- **Material to process**
+-------+

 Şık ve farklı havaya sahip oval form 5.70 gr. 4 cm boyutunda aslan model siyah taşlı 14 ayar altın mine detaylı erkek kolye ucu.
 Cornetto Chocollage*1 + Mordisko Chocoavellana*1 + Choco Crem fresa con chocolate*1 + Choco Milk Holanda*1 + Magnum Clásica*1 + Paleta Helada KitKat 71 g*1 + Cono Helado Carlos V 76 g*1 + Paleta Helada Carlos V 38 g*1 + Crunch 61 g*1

+-------+

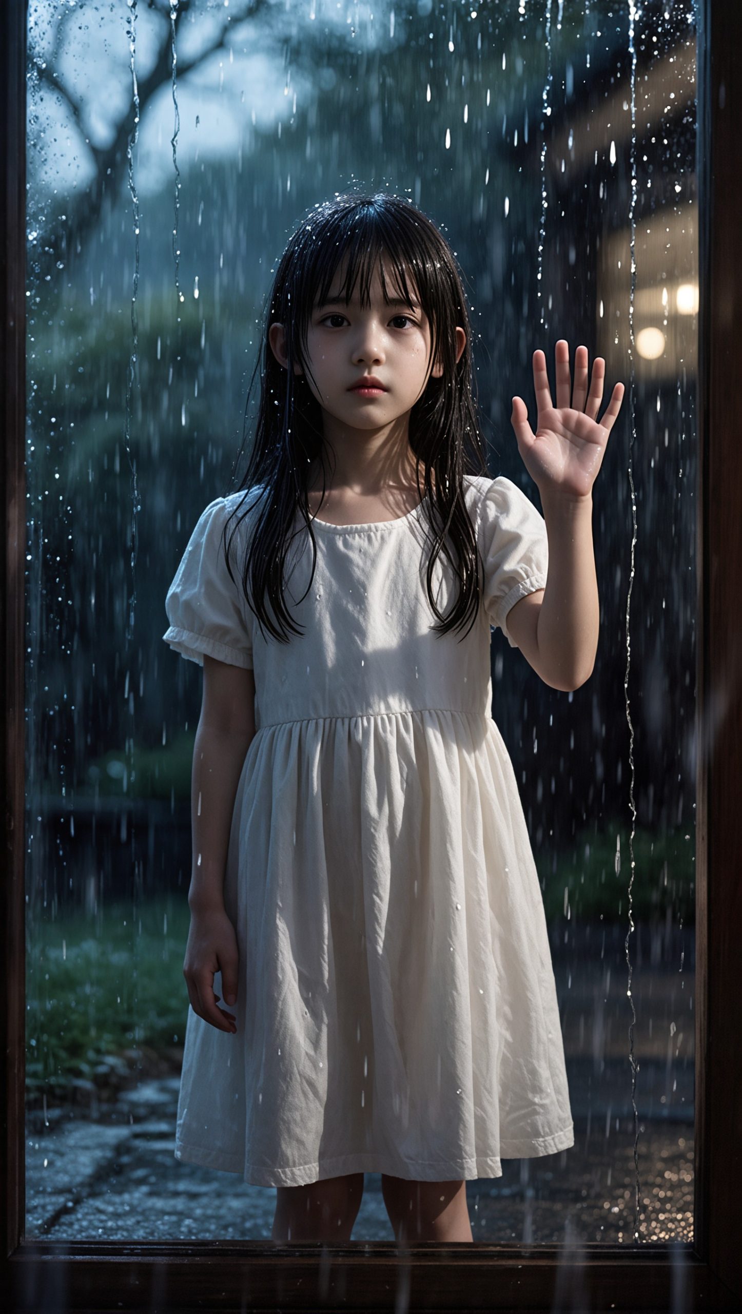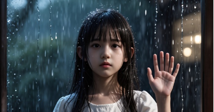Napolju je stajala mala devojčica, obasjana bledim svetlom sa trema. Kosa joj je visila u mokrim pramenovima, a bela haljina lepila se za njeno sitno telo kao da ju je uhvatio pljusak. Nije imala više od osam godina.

+-------+

- **What you have to do**
Scan the records above for the lines holding "Şık ve farklı" and "Cornetto Chocollage*1 +". Transcribe those two and every line between them word for word, and no others.

- **Result for this exercise**
 Şık ve farklı havaya sahip oval form 5.70 gr. 4 cm boyutunda aslan model siyah taşlı 14 ayar altın mine detaylı erkek kolye ucu.
 Cornetto Chocollage*1 + Mordisko Chocoavellana*1 + Choco Crem fresa con chocolate*1 + Choco Milk Holanda*1 + Magnum Clásica*1 + Paleta Helada KitKat 71 g*1 + Cono Helado Carlos V 76 g*1 + Paleta Helada Carlos V 38 g*1 + Crunch 61 g*1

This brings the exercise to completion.